Has anyone heard if the US and European version (T) will have the same programming capabilities?
TheLastMillennial wrote:
Now give it a touch screen, a 512mhz cpu, and improve the track-pad and I might buy it! Razz


I bought one of these, the CX model to be specific, and I find the Navigation and User Interface to be absolutely atrocious. It's not at all intuitive. Is it based on M$ Windows or what? Starting out, I couldn't figure out how to turn it off. Eventually I did discover somehow that it is done with the "<CTRL> key.

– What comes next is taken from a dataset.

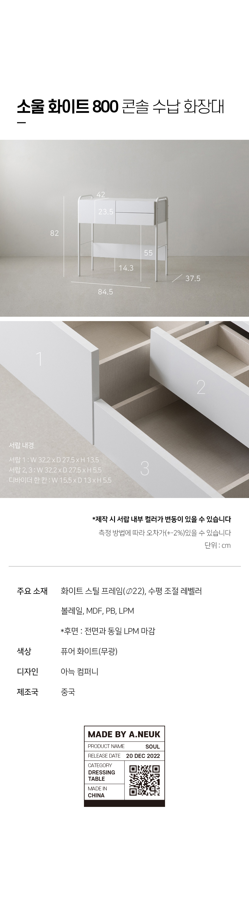 아늑 소울 화이트 800 콘솔 수납 화장대
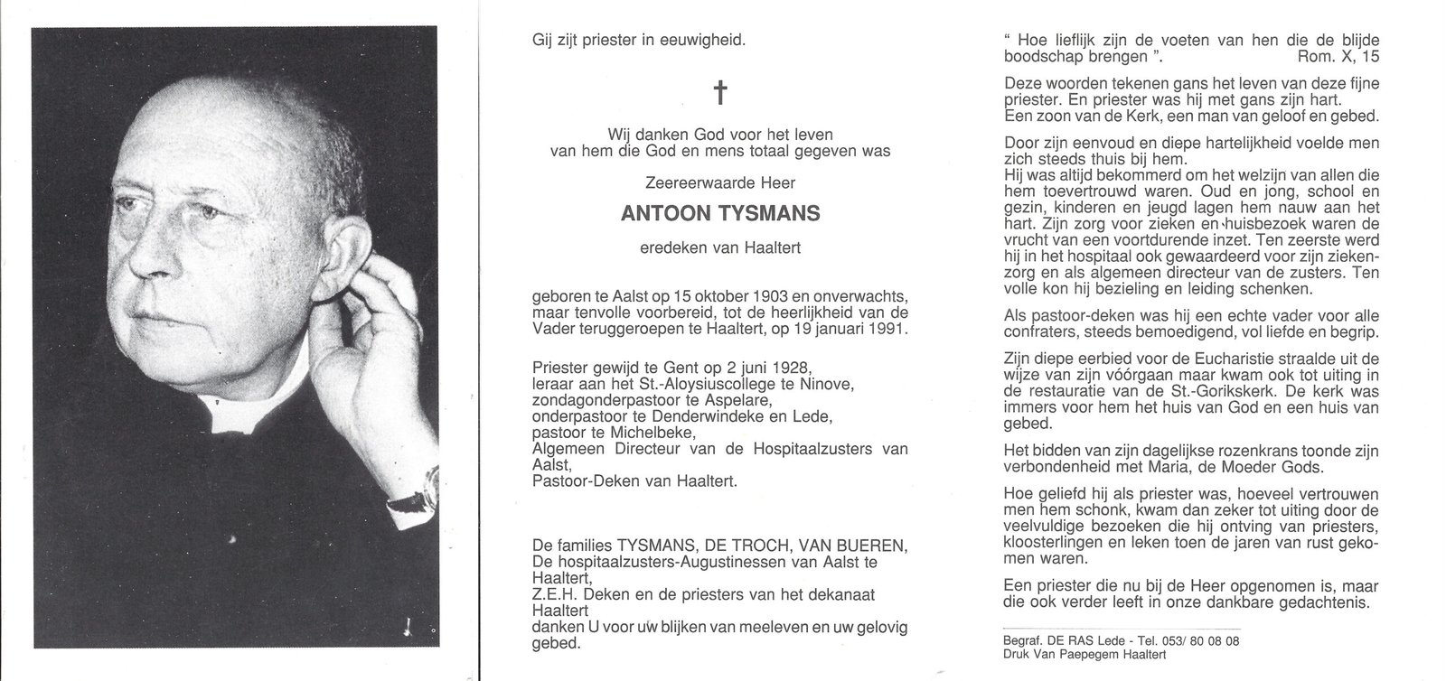 | Tysmans Antoon, Priester-Deken Haaltert | Aalst | 15/10/1903 | Haaltert | 19/01/1991 |

That said, it's very user unfriendly. It desperately needs a touch screen and the touch pad is a huge question mark. Android phone don't have a touchpad, and they are easier to navigate. I bought an HP-Prime which does have a touch screen and the navigator button at the top seems to be a much more positive maner to get around the device.

Getting back to the so called "Home" screen, how do you get from that to the Document you are working on, and why do you return the Home Screen to add more pages to your existing document. It seems the <Menu> button from within the document should have all the choces that are on the "Home" screen. Why wouldn't there be something like "New Page" and then the option of what type of page you want.

The "Home" screen should have a button "Return to document" or something to that effect. It's an entirely clumsy calculator from my new user perspective.
GRB wrote:
I bought one of these, the CX model to be specific, and I find the Navigation and User Interface to be absolutely atrocious. It's not at all intuitive.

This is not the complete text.